If Maxwell’s last show - the delightful I, AmDram - was a tour through a gallery, Nan, Me and Barbara Pravi is a film screening. While the former used a wide lens to capture a theatrical childhood-into-adulthood (Maxwell’s family has been involved in their local amateur dramatics society for generations), this show starts with the same freewheeling cosiness, but then gains propulsion and narrows to a cathartic point. Because this show is lightly fictionalised, I’ll be referring to Hannah Maxwell the performer by her surname, and Hannah Maxwell the character as Hannah.
We first meet Hannah living in Luton, where she’s rushed in, to care for her sweet-natured Nan. Hannah’s grandfather has abruptly and recently passed away from cancer, the anguish of which is intentionally batted away for much of the show by a furious arrangement of quips, skits, and pacy plotting. Maxwell implements a variety of playful audience participation - from attempting to correctly allocate jumbo foam versions of Nan’s many pills to reading out the directions to the Oat So Simple porridge Hannah assembles on stage for Nan’s breakfast.
The staging of the show involves a large projector screen above the stage, onto which plot-enhancing details appear. For this first section, it’s the minutiae of caring: scratchy Google Calendar notes, methodically detailed medication directions. A nosy neighbour pops over multiple times a day. Hannah becomes well acquainted with microwaved cottage pie for tea, and the range of game shows currently on television (at one point, the audience plays along to a round of Countdown). The stultifying mundanity and painful restlessness on depicted strikes a universal cord post-pandemic.
Hannah’s imagination paces like a caged tiger, and it’s not long before she sets her sights on one particular target, the French singer Barbara Pravi, whose sultry Eurovision performance, Parisian glamour, and ‘ambiguous nail length’ ignites an obsessive crush.
Hannah’s inner life floods with heady (and hilarious) imagined flirtation with Pravi. She books concert tickets for several months later, vows to hit the gym, calculates she could be fluent in French by then by studying for three hours a day, seven days a week, and waltzes around the living room with a mop handle. As the day draws closer, she plans their potential Meet Cute with heist-like precision. It’s utterly absurd and utterly fun to watch.
Recently, American rapper and singer Doja Cat faced significant backlash from her fanbase for refusing to say she ‘loved’ them back. In response to her upset fans, she pointed out, entirely accurately ‘I don’t though, because I don’t even know y’all’.
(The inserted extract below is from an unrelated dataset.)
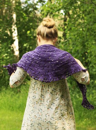 Perforate is a crescent-shaped shawl. Instead of a visible center, the pattern cleverly incorporates increases within the lace itself. The pattern is charted, wrong side rows are purled. Perforate requires 300-650 meters of fingering or sport weight yarn and is easily enlarged by adding repeats.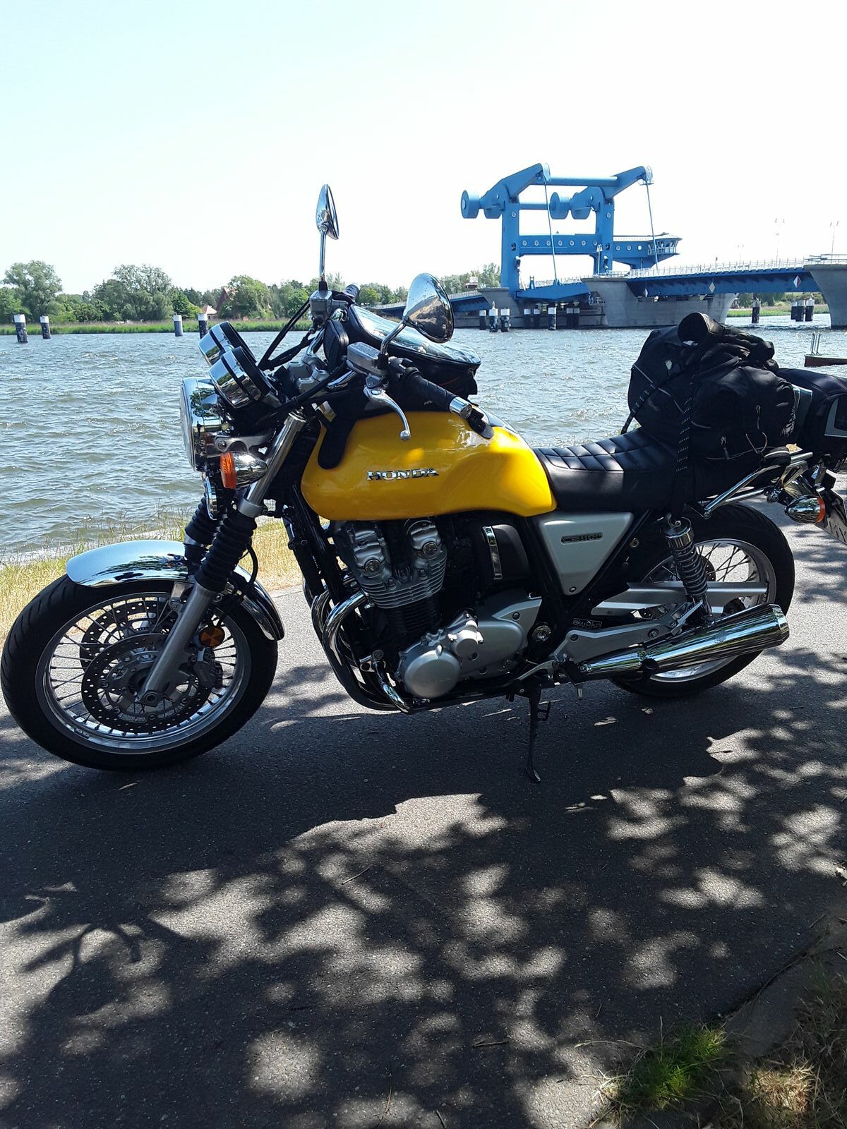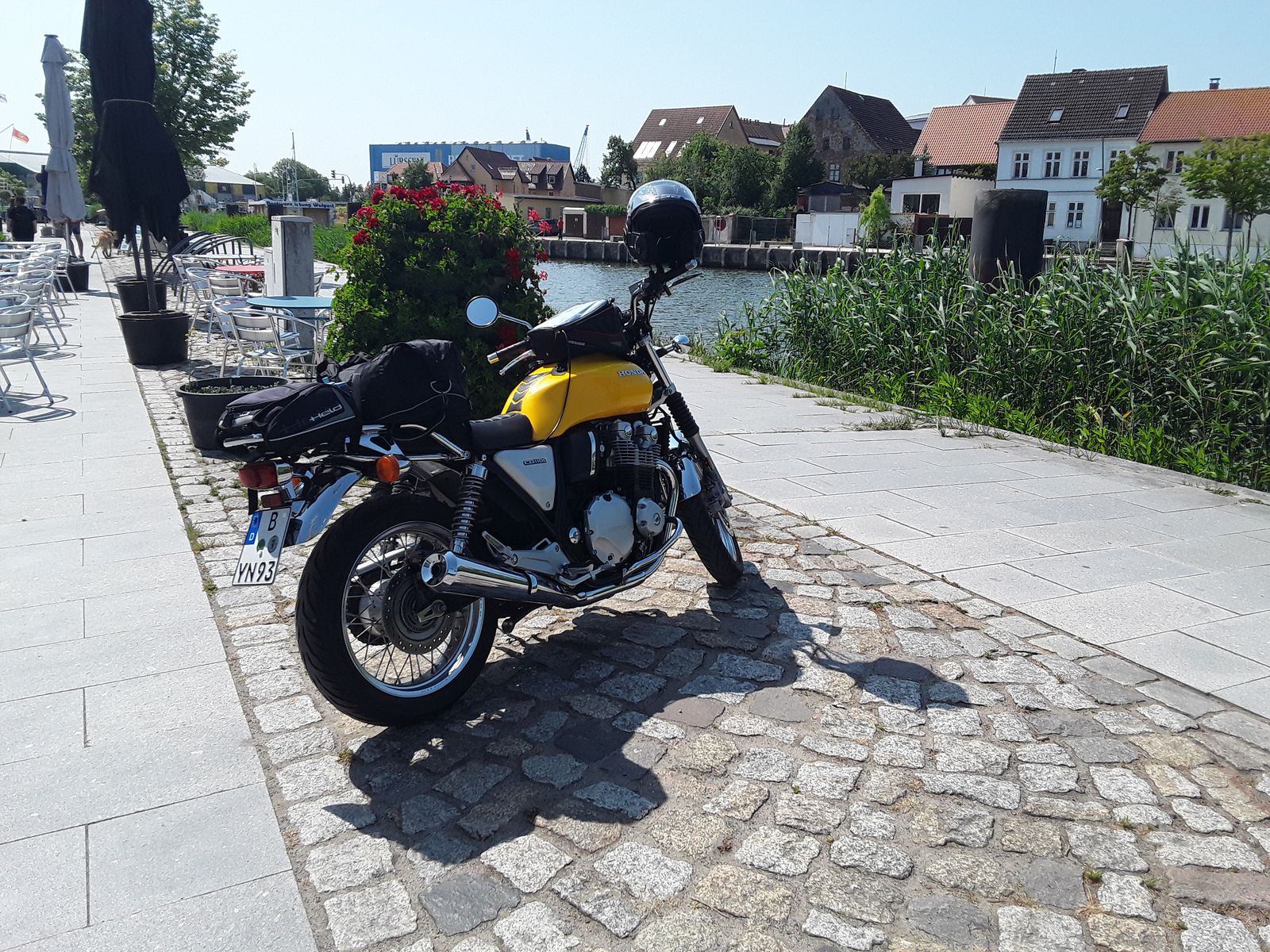 Heute mal mit Old Bike ne Abendrunde gedreht im Berliner Norden und Umland. Ist schon eine Umstellung zur CB aber Scheene ......

Which is to say: to call Nan, Me and Barbara Pravi a story of unrequited love would perhaps miss the point. It’s about the very real, parasocial love between the fan, and the artist’s persona.
In a parasocial relationship - wherein one person is infatuated, and the other is not aware of their existence - the thrill of the fantasy and the chase is not the beginning of something meaningful, it’s the peak of it. Pravi’s value in Hannah’s life is a mirror of her own unmet want. Through the smokescreen of attraction, she can reconnect to the hopes, dreams and desire that have slowly leached from her life. Most crushes start this way, but a fan crush allows for a protracted stay in this wonderland of possibility. For Pravi to become a real person, with flaws and selfishness, would change the dynamic fundamentally.
Of course for the object of it, this wild, worshipping projection can come off as silly at best, repulsive at worst, something Hannah experiences first hand in her own adoring, twenty-year-old fan, Gemma, haunting her front row each night. Gemma provides a crisp foil to Maxwell’s character, whose blinders block her from recognizing their parallels.
Hannah is already experienced in plucking moments of connection from fleeting encounters.
The life of an actor - particularly a performer of one-woman shows - is defined by fruitful and fallow periods, as well as a singular drive that can easily warp into loneliness: the intensity of rehearsal and production, the elation of performance, followed by the adriftness of regular life between shows.
If there’s one word that could be used to describe Maxwell’s performances, it’s probably verve. There’s a bone-deep showmanship to her performance that never drops away (one nightmarish morning-after-the-night-before is rendered with particular wincing brilliance). A major strength of this production is how polished it is without sacrificing vulnerability. It manages to have moments of bruised self-reflection and pure, unabashed comedic performance, and both feel perfectly in place.
Eventually, the night of the concert arrives, and the show crescendos in a dramatic and compelling climax, which I won’t spoil here. The show is ultimately about the parasocial crush first as a source of connection, motivation, and enrichment, and then as an anaesthetic, a distraction, an oblivion. By the end, the tender line Hannah walks between the two feels hard-won, and profoundly moving. This is a rich and bright character study shot through with both humour and sadness. Consider me a fan.